We would like to remove all superfluous <div>
elements and all <font>
elements while preserving the content
inside them.
Let's say we have the following file that we want to clean up:
Input
<!DOCTYPE html>
<html>
<body>
<div>
<div class="useless-1 bold">
First line <font><font> inside double font</font></font> outside font.
<div class="useless-2">
<p>
Second line
</p>
</div>
</div>
<div>
<p>
Third line
</p>
</div>
</div>
<div>
Forth line <font> inside font </font> <span>end.</span>
</div>
</body>
</html>
We noticed that the file has some empty <font>
tags that we want to remove if they do not contain any
text.

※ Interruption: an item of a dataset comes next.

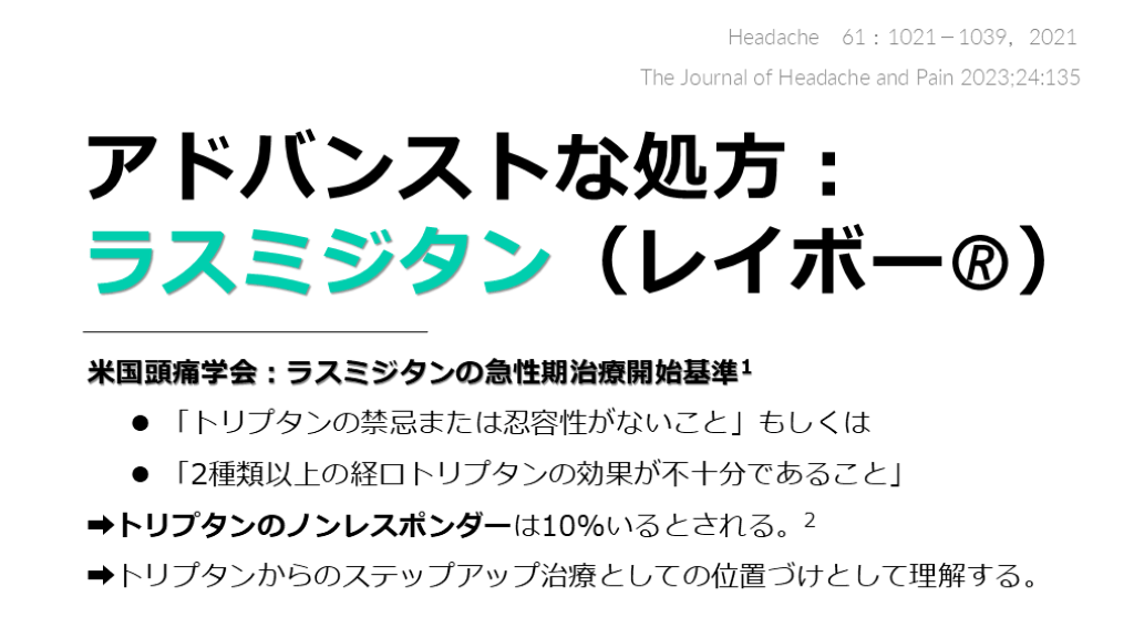 ラスミジタン(レイボー🄬) 米国頭痛学会:ラスミジタンの急性期治療開始基準1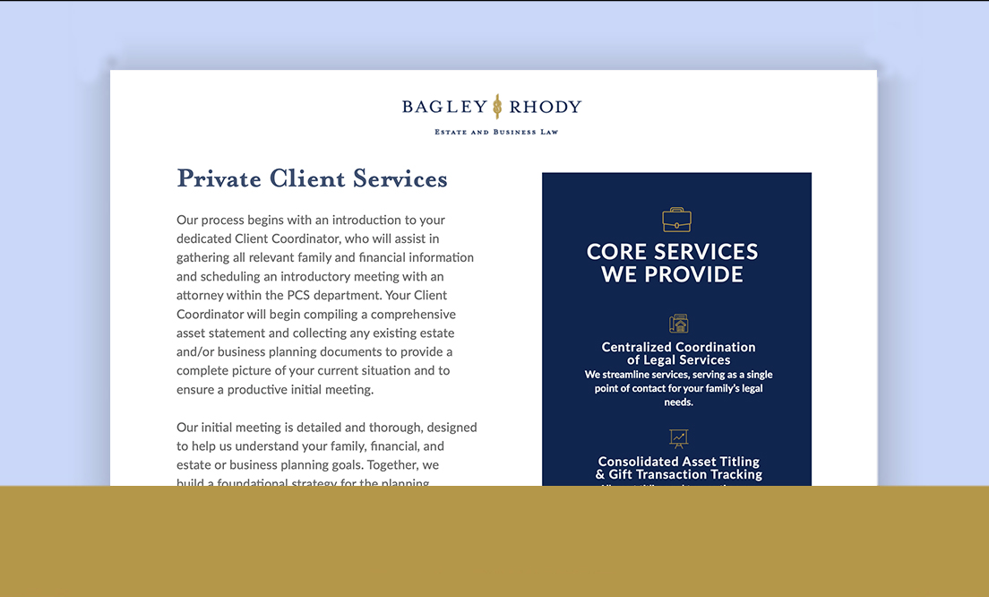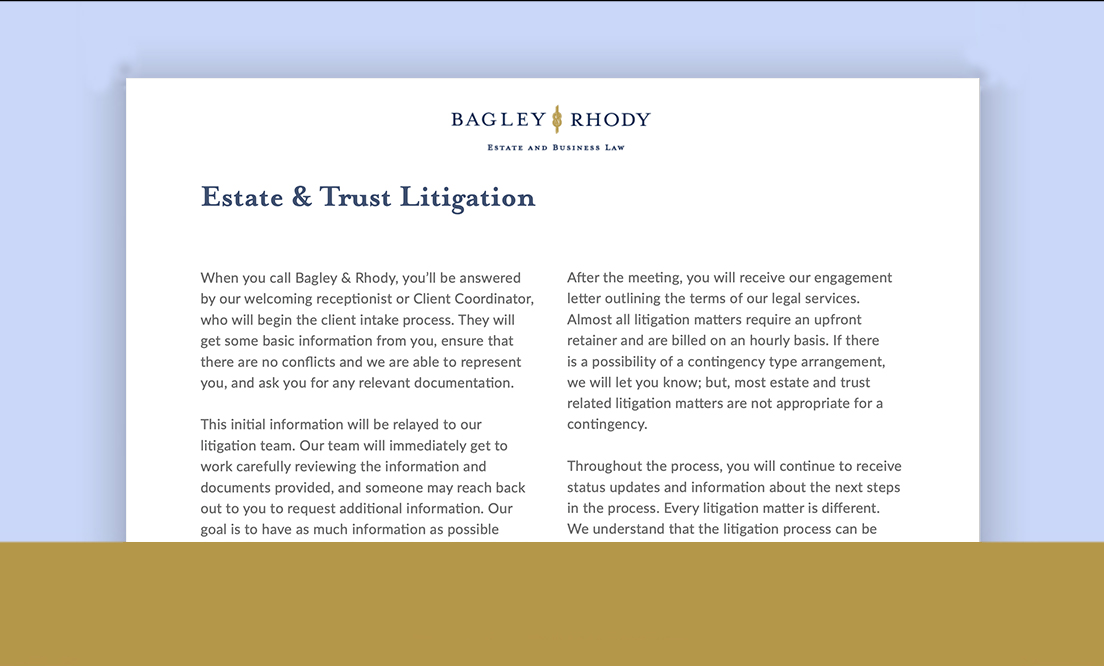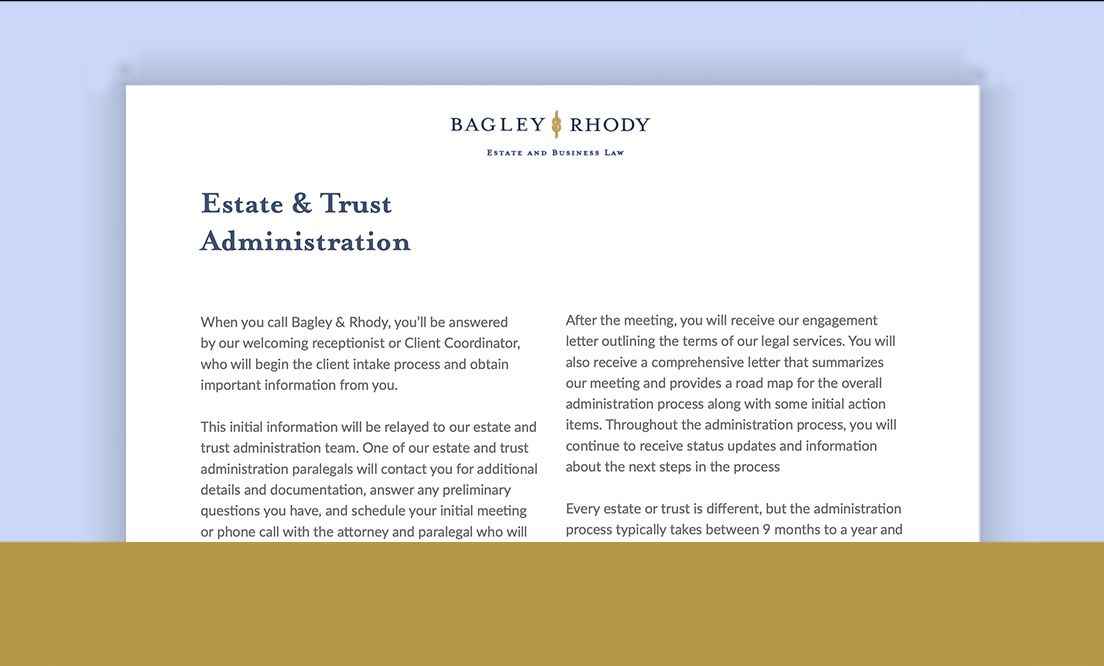 Prior to the initial consultation, we strive to know as much as possible about your needs. Thoughtful review and advance preparation are our way of ensuring we provide you with a comprehensive consultation that is both productive and reassuring. The practice area will gather preliminary information, request additional documentation from you as needed, and assist with scheduling a consultation with the appropriate attorney.

For that we can use the
filter_factory
processor.
In the processor we need to pass a predicate that checks if an element is a <font>
or if it is a `
Luckily we can construct this predicate from already available building blocks.
To construct our predicate we have the following code:
from bs_processors import and_pf, has_name_pf, or_pf, has_class_pf
should_uwrap_p = or_pf(
has_name_pf('font'),
and_pf(
has_name_pf('div'),
has_class_pf(['useless-1', 'useless-2'])
)
)
After constructing the predicate all that remains is to use it to create our processor
from bs_processors import unwrap_factory
remove_unnecessary_wrappers = unwrap_factory(should_uwrap_p)
Now we are ready to pass it our loaded soup and we are done
import util
from bs_processors.utils.file_util import process_file
def main():
doc_name = util.relative_to_absolute_path_name(__file__, "input/deeply_nested.html")
result_name = util.relative_to_absolute_path_name(__file__, "output/deeply_nested_result.html")
process_file(remove_unnecessary_wrappers, 'html.parser', doc_name, result_name)
The result is:
<!DOCTYPE html>
<html>
<body>
<div>
First line
inside double font
outside font.
<p>
Second line
</p>
<div>
<p>
Third line
</p>
</div>
</div>
<div>
Forth line
inside font
<span>
end.
</span>
</div>
</body>
</html>